Horace Mann School apologizes for decades of sexual abuse

The elite Horace Mann prep school today apologized for decades of sexual abuse suffered at the hands of teachers and administrators and pledged reforms to improve student safety, in its first public comments addressing the sex scandal.

“We sincerely apologize for the harm that was caused by the teachers and administrators who abused anyone during their years at Horace Mann School,” the school said in a statement posted on its web site.

“These unconscionable betrayals of trust never should have happened. But they did, and now we, as a school, must fully accept this reality.”
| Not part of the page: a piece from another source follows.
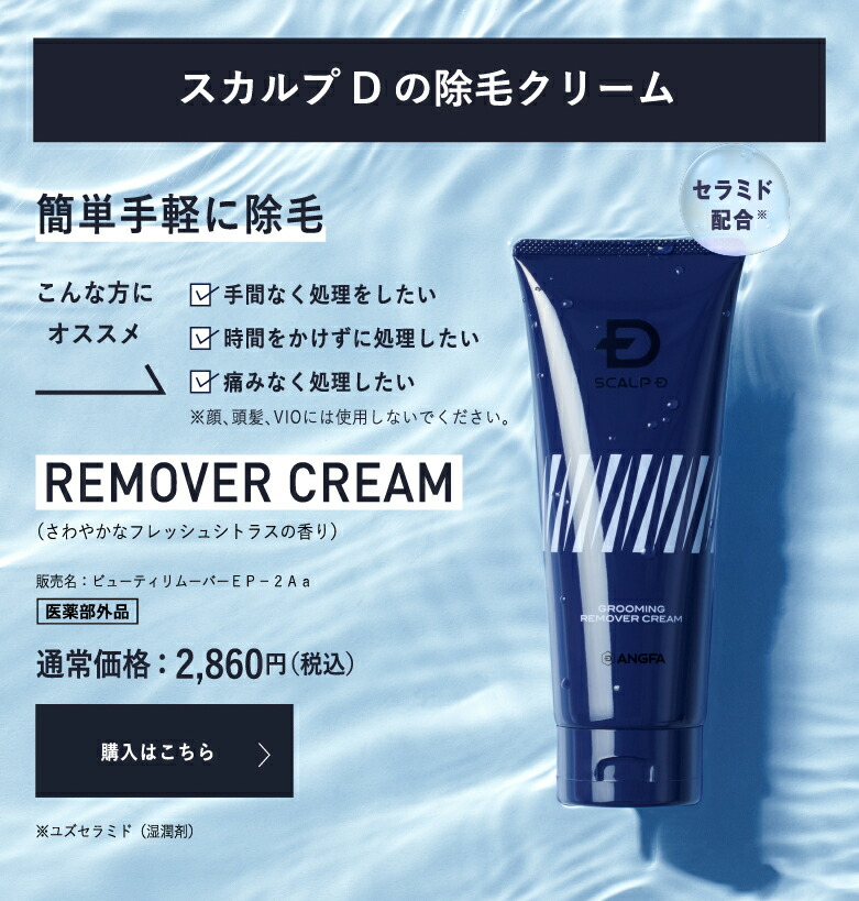スカルプD リムーバークリームは、医薬部外品の除毛力に加えて、ユズセラミドやヒアルロン酸などの保湿成分を配合し、アフターケアまで考えられているのが特徴です。

The elite Bronx prep school has been accused of turning a blind eye to sex assaults on at least 31 children between 1962 and 1996. In today’s statement, the school admitted that “former teachers and administrators in fact did abuse, in various degrees,students.”

Victim Jon Seiger, 51, last month described how eight faculty members used him as a “sex object and personal plaything.”
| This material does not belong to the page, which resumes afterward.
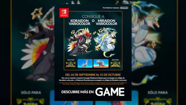 Consigue a Koraidon o Miraidon variocolor para Pokémon Escarlata o Púrpura de regalo en tu GAME más cercano

“Instead of a safe, nurturing place that would educate me, Horace Mann ended up providing a perfect storm of childhood sexual abuse,” he said, claiming he was first raped and forced to give oral sex to headmaster Inky Clark at age 14.

The school said it reached settlements with a “great majority” of former students who claim they were abused. At least one former student has sued the prestigious school, claiming he was molested by a music teacher some 450 times in the 1970s.
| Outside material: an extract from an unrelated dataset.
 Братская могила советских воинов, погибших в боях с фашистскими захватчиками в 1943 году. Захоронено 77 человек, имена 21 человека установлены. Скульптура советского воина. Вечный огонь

Other survivors are pressuring lawmakers in Albany to approve a bill that would allow molested students to sue schools well after the statute of limitations has expired. Currently, the statue prevents adults who were sexually abused as kids from filing claims after they turn 23.

Most of the teachers and administrators who committed the sex assaults are either dead or “mentally infirm,” the school said; others identified as abusers have refused to cooperate, and the school said it doesn’t have the power to force them.

The NYPD did investigate the allegations after a survivor exposed the abuse last year, but called off the probe because, under state law, the incidents happened too long ago to prosecute.

Horace Mann promised to create an advisory panel on student safety and appoint a survivor to the Head of School Committee, which advises to board of trustees, and said will release the school’s own report of abuses.

But Horace Mann did not say it would support the independent investigation that some survivors had called for.,

“The school is effectively saying no to our primary request,” Joseph Cumming, who claimed he was sexually abused at Horace Mann, told the Wall Street Journal.

“While nothing we can say or do will erase the painful memories shared by the survivors, we hope our actions demonstrate our resolve never to forget this portion of our past and reiterate our commitment to the safety of today’s students,” read the letter, signed by Board of Trustees Chair Steven M. Friedman and Head of School Thomas M. Kelly.